**Exercise requirements**. Find the line containing "The Model 660", then print it and each following line through the end of the records, exactly and with nothing added; leave out any pictures.

**Provided records**.
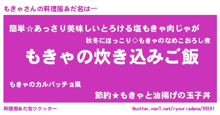 | ヘコむあだ名 | 『もきゃ(笑)』『もきっふぃ~』 |
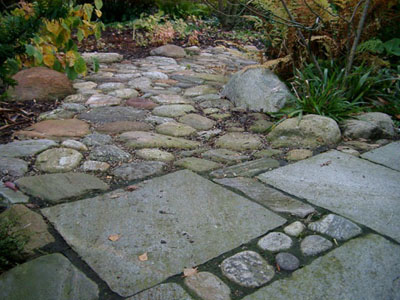 Ein Gartenweg, gepflastert mit „Bachbummerln“ führt zu einer Sitzbank. Der Übergang zum Hauseingang aus Beola-Gneis ist verspielt gestaltet.
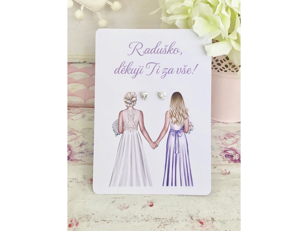 Karta s náušnicemi jako žádost či poděkování pro svědkyně, nebo družičky.
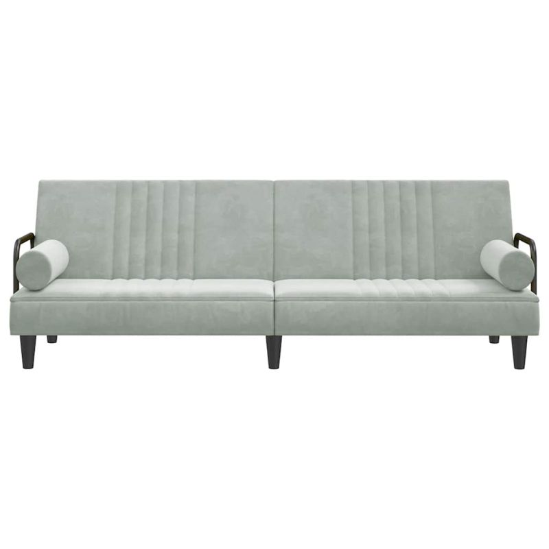 Разтегателно канапе с подлакътници, светлосиво, кадифе
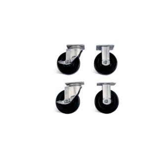 The Model 660 set of four 6 in casters with brakes fits all Knaack jobsite storage models. The 2 in Phenolic HD wheels support 3,280 lbs per set. The set includes two rigid and two swivel wheels.
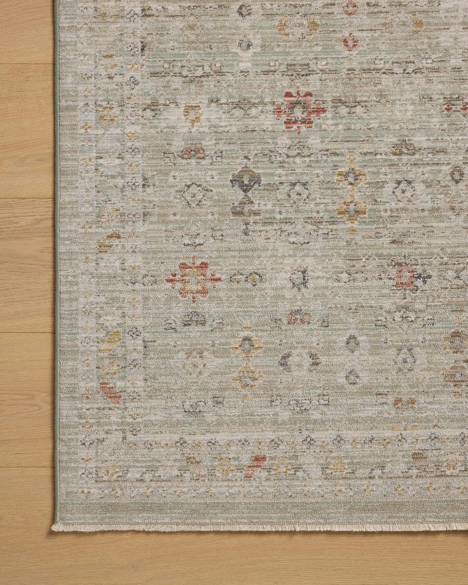 The Ida Collection from Chris Loves Julia x Loloi is a vintage-inspired area rug with a soft, subtly textured pile similar to hand-knotted rugs. The rugs gentle distressing creates a timeless look, while its durability and earthy colorways make it a great choice for the busiest rooms of the home, especially living rooms, kitchens, and hallways. Ida is power-loomed of easy-to-clean, no-shed shrink polyester in Turkey and OEKO-TEX certified, ensuring its materials don't contain harmful substances.

**Worked solution**.
 The Model 660 set of four 6 in casters with brakes fits all Knaack jobsite storage models. The 2 in Phenolic HD wheels support 3,280 lbs per set. The set includes two rigid and two swivel wheels.
 The Ida Collection from Chris Loves Julia x Loloi is a vintage-inspired area rug with a soft, subtly textured pile similar to hand-knotted rugs. The rugs gentle distressing creates a timeless look, while its durability and earthy colorways make it a great choice for the busiest rooms of the home, especially living rooms, kitchens, and hallways. Ida is power-loomed of easy-to-clean, no-shed shrink polyester in Turkey and OEKO-TEX certified, ensuring its materials don't contain harmful substances.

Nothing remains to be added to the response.